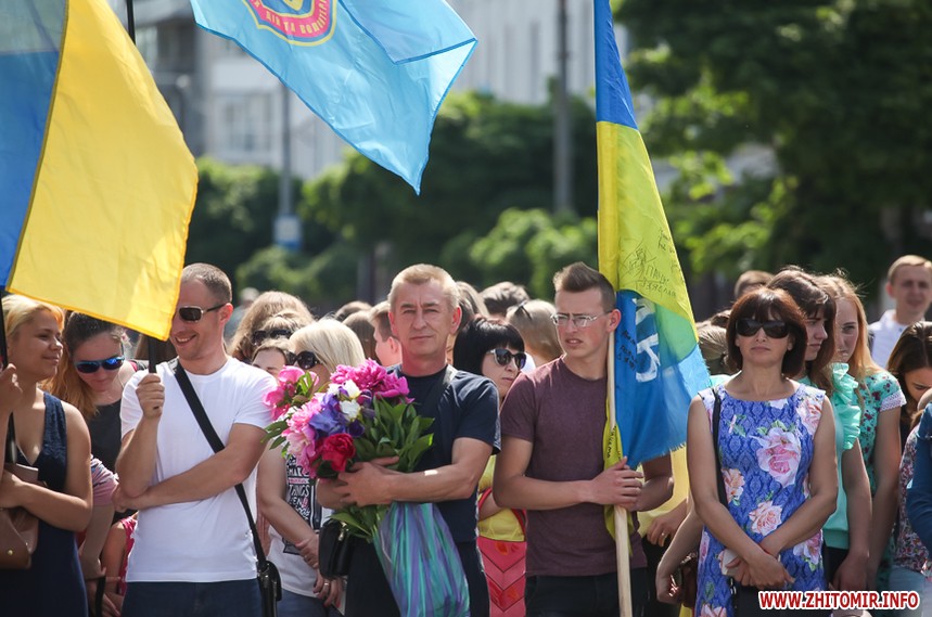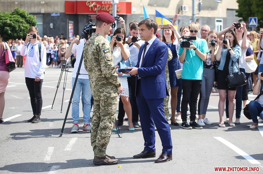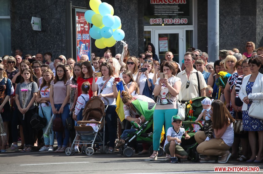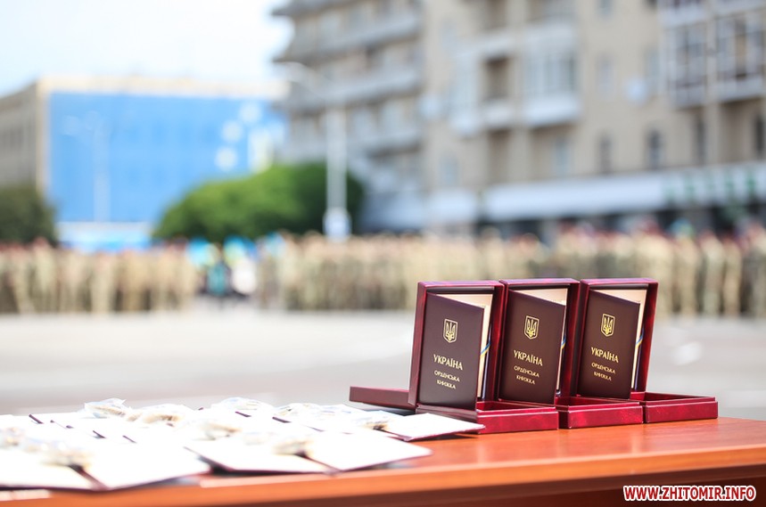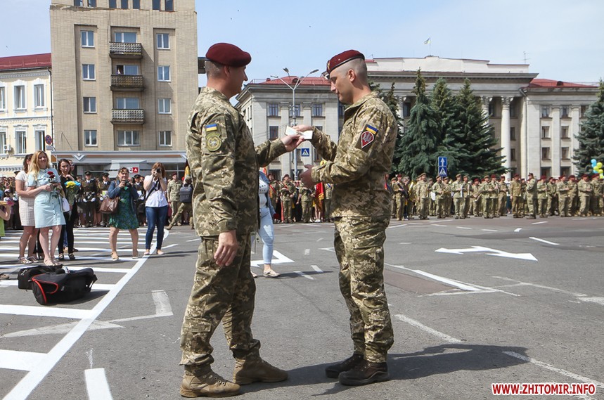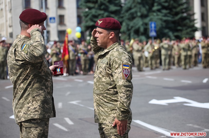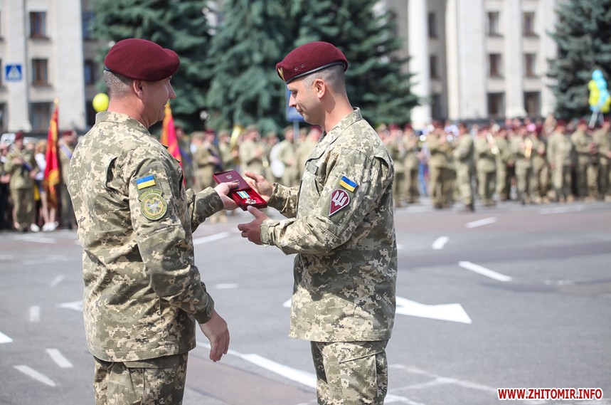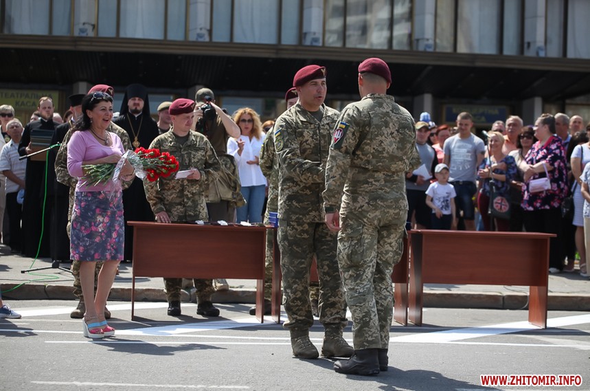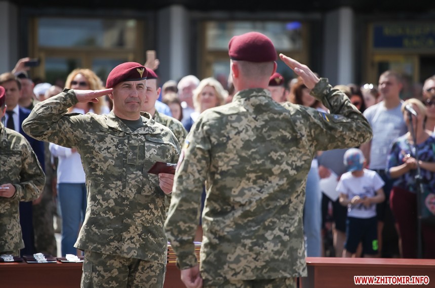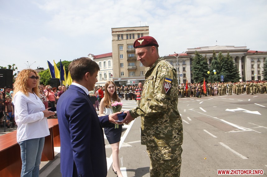 Привітати десантників на майдан Соборний прийшли кількасот людей. Нагороди та відзнаки воїнам вручали заступник командувача ДШВ полковник Юрій Галушкін та мер Житомира Сергій Сухомлин.
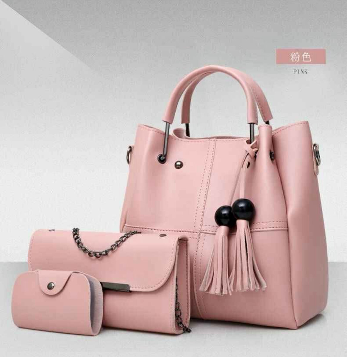 Découvrez cet ensemble élégant de 3 sacs en cuir, parfait pour les femmes modernes. Il comprend un sac à main spacieux, un sac bandoulière et une pochette. Disponible en marron, gris et rose. Matériau de haute qualité, design chic et pratique.
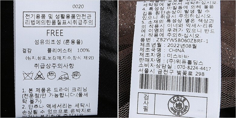 | 6. 세탁방법 및 취급시 주의사항 | 상세페이지 참조 |
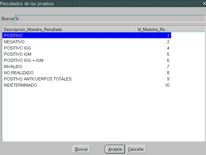 (3) TIPO DE RESULTADO. Le indicaremos el resultado obtenido, de la listad de los posible dependiendo de la prueba realizada. En el caso de los antígenos será POSITIVA o NEGATIVA.
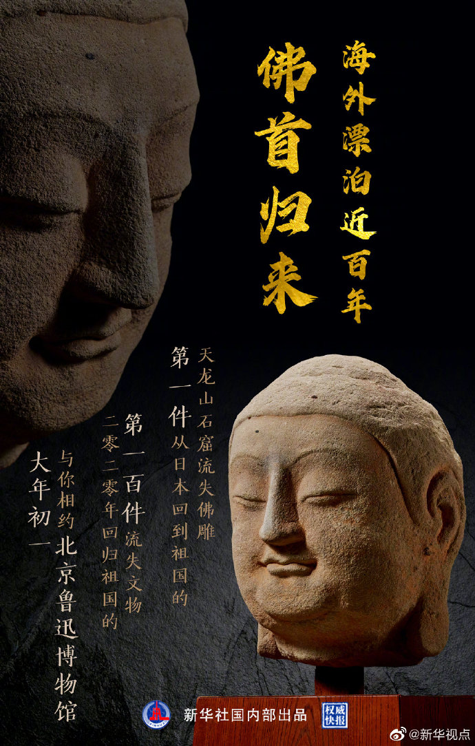 记者从国家文物局获悉,经过曲折艰苦的追索,流失海外近一个世纪的天龙山石窟第8窟北壁主尊佛首已于2020年12月12日回归祖国怀抱。这是近百年来第一件从日本回到祖国的天龙山石窟流失佛雕,也是2020年回归祖国的第100件流失文物。想一睹佛首真容吗?大年初一至3月14日,它将亮相北京鲁迅博物馆“咸同斯福——天龙山石窟国宝回归暨数字复原特展”。之后,按照流失文物回归原属地的国际共识,在具备安全条件前提下,佛首将会回到天龙山石窟,在太原市天龙山石窟博物馆收藏展示。

▶ [WORK ITEM]:
Output exactly, and only, the lines running from the line containing "Découvrez cet ensemble" to the last line of the entries above, omitting the pictures.

▶ [RESULT FOR THIS EXERCISE]:
 Découvrez cet ensemble élégant de 3 sacs en cuir, parfait pour les femmes modernes. Il comprend un sac à main spacieux, un sac bandoulière et une pochette. Disponible en marron, gris et rose. Matériau de haute qualité, design chic et pratique.
 | 6. 세탁방법 및 취급시 주의사항 | 상세페이지 참조 |
 (3) TIPO DE RESULTADO. Le indicaremos el resultado obtenido, de la listad de los posible dependiendo de la prueba realizada. En el caso de los antígenos será POSITIVA o NEGATIVA.
 记者从国家文物局获悉,经过曲折艰苦的追索,流失海外近一个世纪的天龙山石窟第8窟北壁主尊佛首已于2020年12月12日回归祖国怀抱。这是近百年来第一件从日本回到祖国的天龙山石窟流失佛雕,也是2020年回归祖国的第100件流失文物。想一睹佛首真容吗?大年初一至3月14日,它将亮相北京鲁迅博物馆“咸同斯福——天龙山石窟国宝回归暨数字复原特展”。之后,按照流失文物回归原属地的国际共识,在具备安全条件前提下,佛首将会回到天龙山石窟,在太原市天龙山石窟博物馆收藏展示。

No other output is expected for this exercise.